I have two graphs as follows我有两个图表如下

import networkx as nx

G1, G2 = nx.DiGraph(), nx.DiGraph()
G1.add_edges_from([("s1", "s2"), ("s2", "s3"), ("s3", "s4")]) # G1: 1->2->3->4
G2.add_edges_from([("s1", "s2"), ("s2", "s3"), ("s3", "s7")]) # G2: 1->2->3->7

nx.is_isomorphic(G1, G2)

By definition, we know the above two graphs are isomorphic, so is_isomorphic returns True .根据定义,我们知道上面两个图是同构的,所以is_isomorphic返回True

However, I wish to check structure equality between two graphs, meaning nodes and edges are the same (but weights allow difference).但是,我希望检查两个图之间的结构相等性,这意味着节点和边是相同的(但权重允许不同)。 Since G1 and G2 have different last node, I am looking for the is_isomorphic function returning False .由于G1G2的最后一个节点不同,我正在寻找返回Falseis_isomorphic函数。

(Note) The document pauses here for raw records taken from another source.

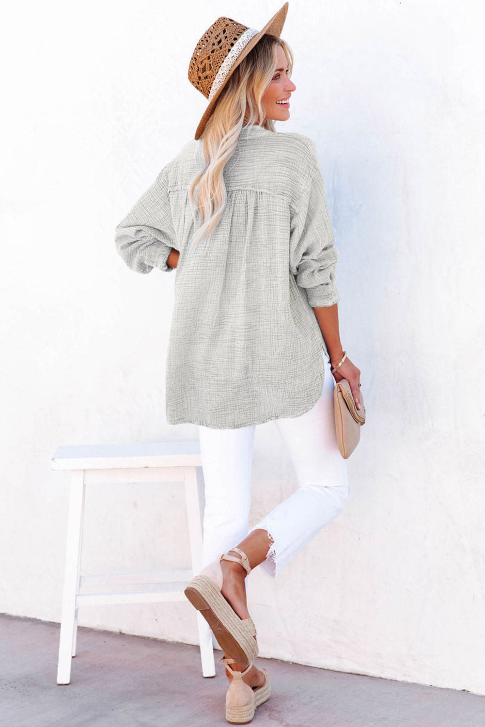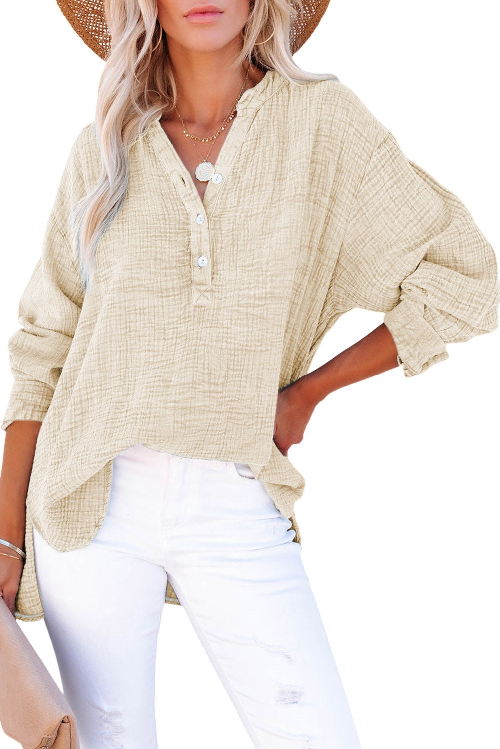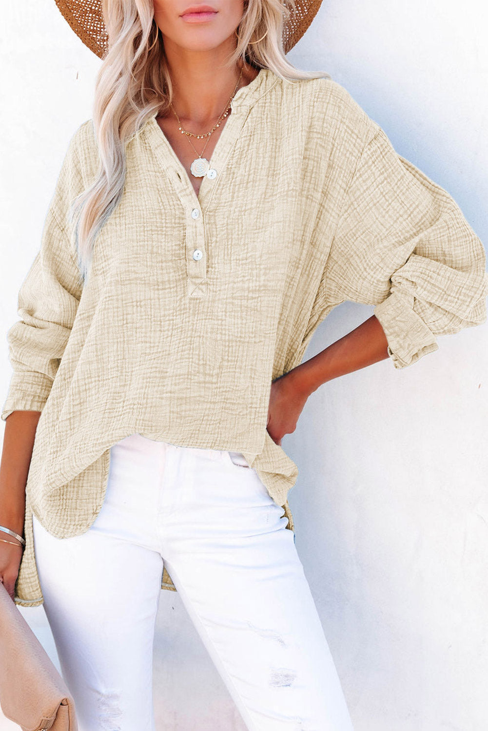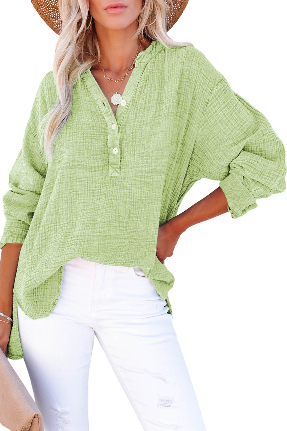 Women's Solid Crinkle Textured Loose Henley Top
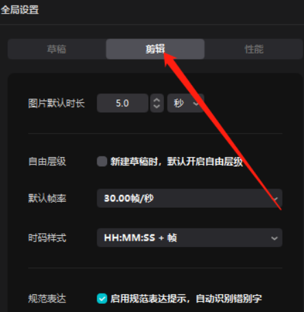 打开全民设置后,在弹出的窗口界面里,点击上方的“剪辑”选项卡即可。
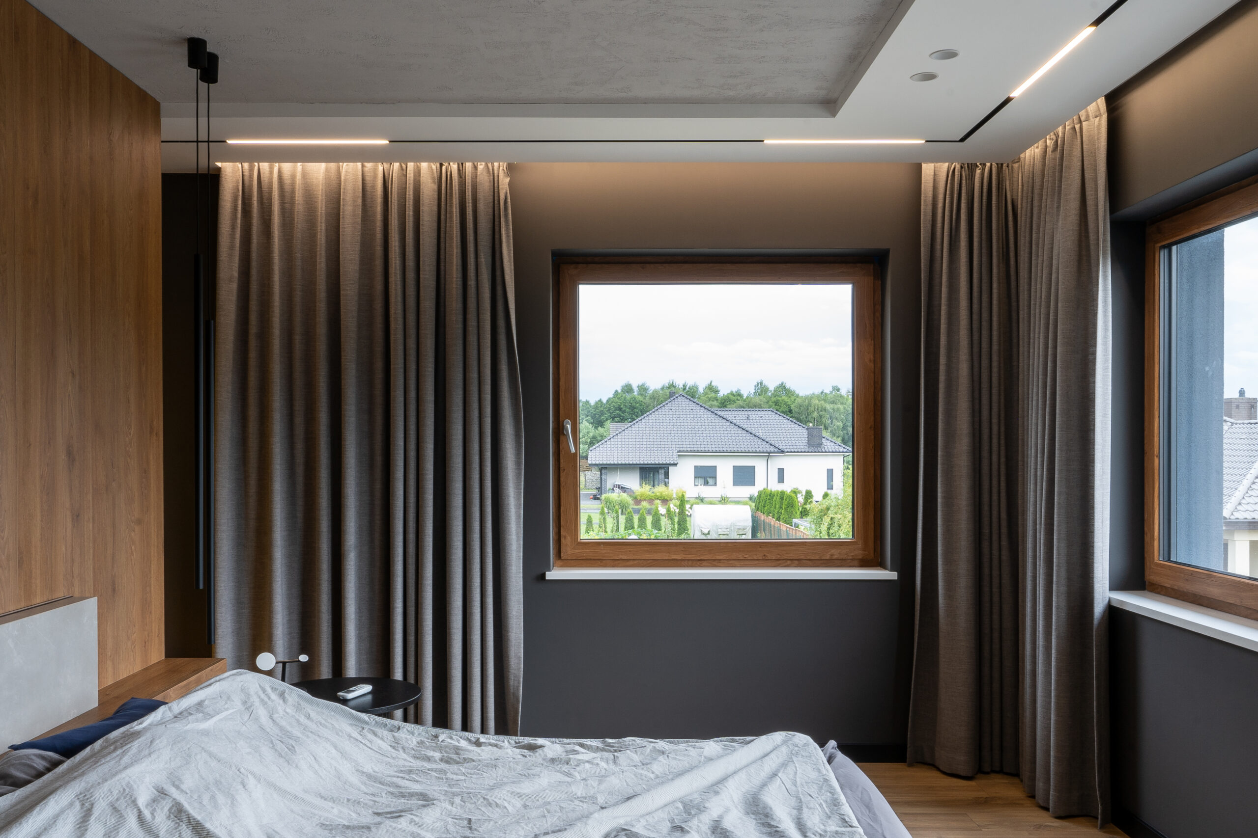 Sypialnia to wyjątkowe pomieszczenie w każdym domu i mieszkaniu. Jej urządzenie będzie miało realny wpływ na to, jak odpoczniemy po dniu pełnym pracy i niekończących się obowiązków. Jeśli aranżacja sypialni nie zostanie odpowiednio przemyślana, może dojść do sytuacji, kiedy w środku będziemy się męczyć, zamiast relaksować. Z tego powodu każdy element wystroju, każdy detal powinien być bardzo dokładnie i rzetelnie przemyślane. W ten sposób inwestor uniknie w późniejszym czasie negatywnego wrażenia i rozczarowania. Aby odpowiednio się nastroić przed projektowaniem własnej sypialni, koniecznie sprawdź nasze aranżacje, które skupiają się na oknach. Okno w sypialni to element, który realnie wpływa na samopoczucie w tym pomieszczeniu. Zerknij na nasze prace, by stwierdzić, który styl odpowiada Ci najbardziej i w którym kierunku iść we własnej sypialni!

Q: Is it possible using is_isomorphic to identify the non-equality? Q:是否可以使用is_isomorphic来识别非等式?

PS I tried to use iso.categorical_node_match or iso.numerical_node_match or iso.numerical_edge_match as plug-in parameter in is_isomorphic :附言我试图在is_isomorphic中使用iso.categorical_node_matchiso.numerical_node_matchiso.numerical_edge_match作为插件参数:

  1. network: numerical_edge_match 网络:numerical_edge_match
  2. networkx: is_isomorphic networkx: is_isomorphic

But I am still not sure how to call these iso function correctly in node_match or edge_match.但我仍然不确定如何在 node_match 或 edge_match 中正确调用这些iso函数。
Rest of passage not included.